━━━ ENTRIES SUPPLIED ━━━
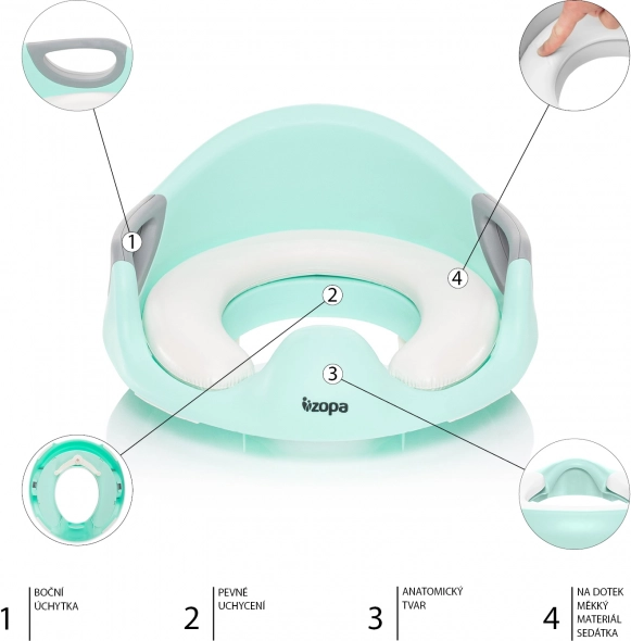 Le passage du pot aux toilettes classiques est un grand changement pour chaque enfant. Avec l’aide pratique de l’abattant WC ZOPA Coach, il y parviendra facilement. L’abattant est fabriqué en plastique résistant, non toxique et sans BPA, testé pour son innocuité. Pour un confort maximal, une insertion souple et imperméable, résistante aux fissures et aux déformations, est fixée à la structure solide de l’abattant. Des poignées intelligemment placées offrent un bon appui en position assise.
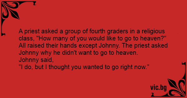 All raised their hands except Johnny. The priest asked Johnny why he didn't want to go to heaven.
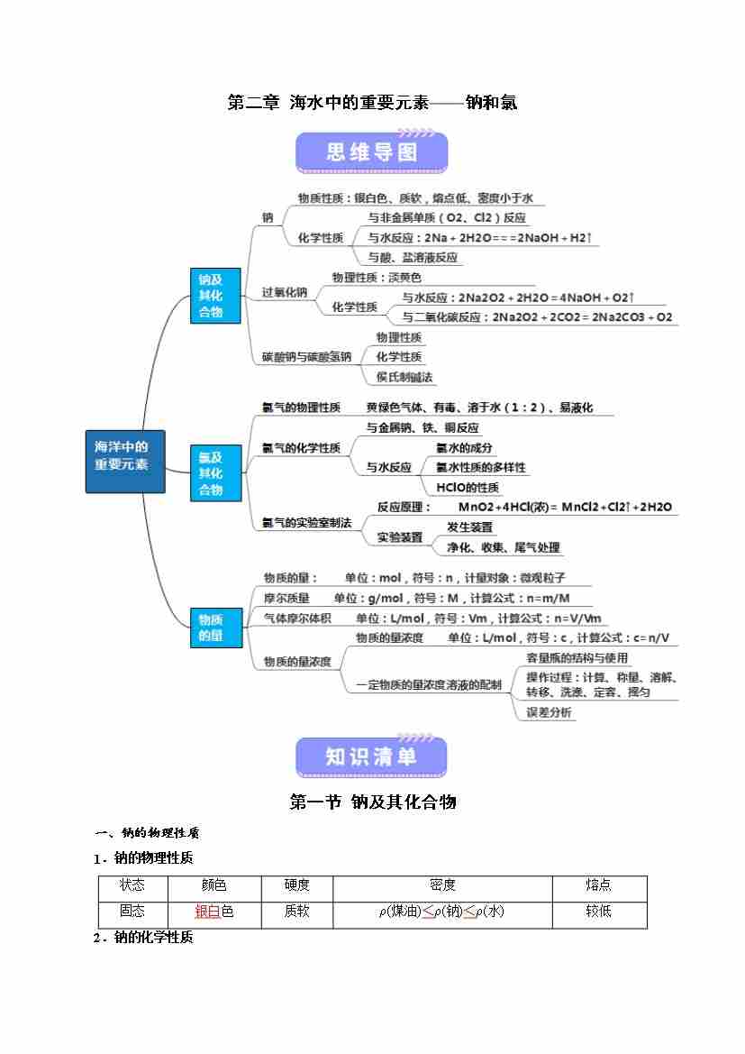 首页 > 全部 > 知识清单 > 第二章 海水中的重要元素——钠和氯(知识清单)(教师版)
━━━
━━━ ENTRIES SUPPLIED ━━━
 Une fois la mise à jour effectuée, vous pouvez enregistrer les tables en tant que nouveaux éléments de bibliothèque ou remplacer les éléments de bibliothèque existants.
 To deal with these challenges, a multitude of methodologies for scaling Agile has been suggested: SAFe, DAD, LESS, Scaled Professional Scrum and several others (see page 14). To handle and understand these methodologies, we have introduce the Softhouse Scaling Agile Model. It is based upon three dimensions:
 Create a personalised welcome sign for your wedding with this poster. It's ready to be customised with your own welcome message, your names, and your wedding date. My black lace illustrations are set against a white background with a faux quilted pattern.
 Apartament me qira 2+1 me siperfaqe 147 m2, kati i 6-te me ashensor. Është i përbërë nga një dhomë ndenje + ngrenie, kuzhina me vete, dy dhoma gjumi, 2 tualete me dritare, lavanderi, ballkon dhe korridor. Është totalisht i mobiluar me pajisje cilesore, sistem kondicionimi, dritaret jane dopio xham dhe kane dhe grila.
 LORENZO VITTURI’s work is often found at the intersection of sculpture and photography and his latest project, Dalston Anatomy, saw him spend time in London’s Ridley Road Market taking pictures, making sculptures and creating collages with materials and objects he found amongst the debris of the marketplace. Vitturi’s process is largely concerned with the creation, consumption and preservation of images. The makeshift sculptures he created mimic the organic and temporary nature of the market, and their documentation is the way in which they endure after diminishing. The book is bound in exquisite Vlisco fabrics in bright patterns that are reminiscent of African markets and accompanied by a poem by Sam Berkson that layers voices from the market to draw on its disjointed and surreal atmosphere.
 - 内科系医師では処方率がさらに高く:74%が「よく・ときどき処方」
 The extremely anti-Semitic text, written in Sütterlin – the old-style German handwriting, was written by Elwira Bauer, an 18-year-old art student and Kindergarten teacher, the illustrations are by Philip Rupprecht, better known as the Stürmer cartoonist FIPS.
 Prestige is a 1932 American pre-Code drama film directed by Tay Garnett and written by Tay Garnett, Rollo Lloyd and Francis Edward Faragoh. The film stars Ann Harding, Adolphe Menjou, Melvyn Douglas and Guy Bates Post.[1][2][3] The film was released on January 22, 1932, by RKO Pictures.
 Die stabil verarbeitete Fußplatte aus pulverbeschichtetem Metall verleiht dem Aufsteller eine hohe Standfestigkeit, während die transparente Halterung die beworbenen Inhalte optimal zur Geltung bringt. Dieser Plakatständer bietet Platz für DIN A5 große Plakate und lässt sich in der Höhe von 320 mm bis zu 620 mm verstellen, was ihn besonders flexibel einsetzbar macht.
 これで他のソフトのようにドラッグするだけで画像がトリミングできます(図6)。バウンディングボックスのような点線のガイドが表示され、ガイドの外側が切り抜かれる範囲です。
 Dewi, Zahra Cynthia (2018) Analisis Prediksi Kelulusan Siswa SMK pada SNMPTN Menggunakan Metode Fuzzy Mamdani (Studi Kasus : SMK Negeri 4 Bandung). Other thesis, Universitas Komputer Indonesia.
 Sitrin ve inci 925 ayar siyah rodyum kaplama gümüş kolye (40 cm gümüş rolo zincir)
━━━
REQUIREMENT: Each line above from the one containing "Le passage du" through the one containing "首页 > 全部 > 知识清单" is to be returned verbatim. Nothing else, and no pictures.

TASK OUTPUT:
 Le passage du pot aux toilettes classiques est un grand changement pour chaque enfant. Avec l’aide pratique de l’abattant WC ZOPA Coach, il y parviendra facilement. L’abattant est fabriqué en plastique résistant, non toxique et sans BPA, testé pour son innocuité. Pour un confort maximal, une insertion souple et imperméable, résistante aux fissures et aux déformations, est fixée à la structure solide de l’abattant. Des poignées intelligemment placées offrent un bon appui en position assise.
 All raised their hands except Johnny. The priest asked Johnny why he didn't want to go to heaven.
 首页 > 全部 > 知识清单 > 第二章 海水中的重要元素——钠和氯(知识清单)(教师版)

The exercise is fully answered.